It could be argued that residues LLL and AP2 (or the other peptide moieties) in the conjugate recognized independent routes of BBB permeation and that the observed BBB penetration efficacy was the sum of these independent contributions. Although the results in Figures 4 and 5 cannot be reconciled with sums of independent contributions of LLL and peptide specific pathways, we measured the results of injected P/LLL/AP7/rh as a control. AP7 differs from AP2 by the replacement of two lysine groups with arginine (TFFYGGSRGRRNNFRTEEYCNH₂), which reportedly impairs peptide interactions with endothelial LRP-1 receptors.^21,22 P/LLL/AP7/rh permeated cortical brain tissue but produced significantly less fluorescence than P/LLL/AP2/rh, both injected at 0.137 μmol/kg (red vs gray in Figure 5E; Sidak: p < 0.0001). This result confirms a substantial role for authentic AP2 to enable trans-BBB movement of the nanoconjugate. Together with our other findings, we demonstrate that nanoconjugate transport through the BBB depends on peptide identity, peptide load, and interaction with other nanoconjugate moieties (i.e., LLL).

Multiple BBB crossing peptides have been studied as conduits to deliver nanodrugs across the BBB. The most promising peptides appear to be those that interact with LRP-1 or TfR transport mechanisms, while others rely on other/unknown transport systems. Each peptide has its own merits and applications, but thus far, there had not been much systematic comparison of peptide BBB-crossing efficacies when attached to a nanocarrier. Reports about a BBB crossing peptide focused on variation of carriers, and this makes it difficult to compare peptide behaviors in a standardized setting (but see ref 46). Furthermore, peptides recently developed de novo were compared in their performance with AP7, which appears to have little BBB-crossing ability (see above). Our study offers a systematic comparison between different BBB-crossing peptides conjugated to the same carrier molecules, polymalic acid, and P/LLL. We conclude that AP2, M4, and B6 enhance BBB-penetration of P/LLL/rh.

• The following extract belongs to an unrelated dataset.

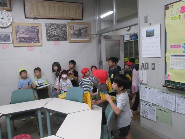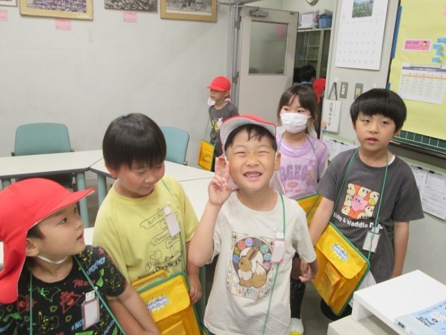 職員室前や事務室前も1,2年生の探検家達でいっぱいです。この後、校長室にも探検家達がやってきました。恐る恐る校長室に「失礼しま~す」と入ってきました。
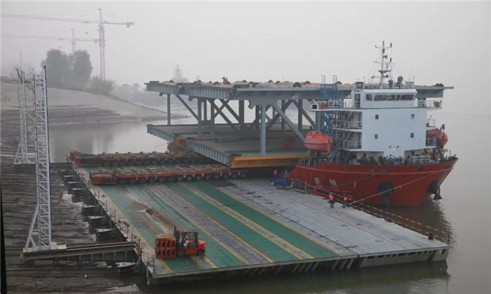 斜船架經(jīng)過45分鐘的下行,滑行到達指定水域,等待的運輸船舶盛暢7#迅速起錨靠近斜船架,固定纜繩、對準搭接通道、左舷壓水,項目部、起重運輸部和雙柳公司等20余人的發(fā)運團隊各就各位,各司其職,一系列的準備工作嫻熟而利落。隨后操作人員啟動模塊車,在指揮人員的指令中,緩緩上船。3排軸線上船后,船右舷傾斜下沉,對講機中不斷傳來操作指令:斜船架1檔下行、停止、左舷繼續(xù)壓水、模塊車低速前進……,模塊車前輪越過中線后,船體逐漸向左舷復位傾斜,對講機中操作指令又不斷清晰傳來:斜船架上拉、左舷壓水停止、模塊車繼續(xù)前進……。

Our results apply to the brain of healthy mice. It is instructive to consider that the performance of certain peptides may differ in pathological conditions in which the BBB is altered. For instance, the TfR route may be effective for drug delivery into brain tumors. Gliomas overexpress TfR in their vascular endothelium, and this may aid drug-tumor penetration and delivery via enhanced TfR transport.⁴⁷ In contrast, the LRP-1 route is critically linked to amyloid β (Aβ) protein homeostasis and clearance in normal brains, but is aberrant in Alzheimer’s disease.⁴⁸ LRP-1 receptors are downregulated in Alzheimer’s disease,^49–51 which may not only impair Aβ protein clearance but may also reduce LRP-1-dependent drug transport across the BBB. While this issue remains unexplored, it underscores the need to carefully design BBB penetrating drugs appropriately for each disease. Our results provide a comprehensive database on the effects of different BBB penetrating peptides on P/LLL/rh transport into the disease-free brain.

Nanoconjugate Pharmacokinetics in Blood and Brain.

We administered fluorescent nanoconjugates via i.v. injections and drew blood at 15 to 480 min to measure the decay and pharmacokinetics of P/LLL/AP2/rh, P/LLL/rh and P/AP2/rh in serum. The nanoconjugate serum concentrations, as shown in Figure 6A, were calculated from calibration curves that were derived from fluorescence measurements of nanoconjugates with known concentrations. P/LLL/AP2/rh and P/ LLL/rh had serum half-lives of 76.7 and 119 min, respectively. The half-lives were determined by fitting serum fluorescence measurements with single exponential decay functions: The fluorescence decay of P/LLL/AP2/rh provided a good fit of r² = 0.9361, while the decay of P/LLL/rh was fit at r² = 0.715. The decay functions differed significantly (extra sum of squares F-test: F = 8.281; p = 0.0002), which confirms distinct serum clearances for P/LLL/AP2/rh and P/LLL/rh.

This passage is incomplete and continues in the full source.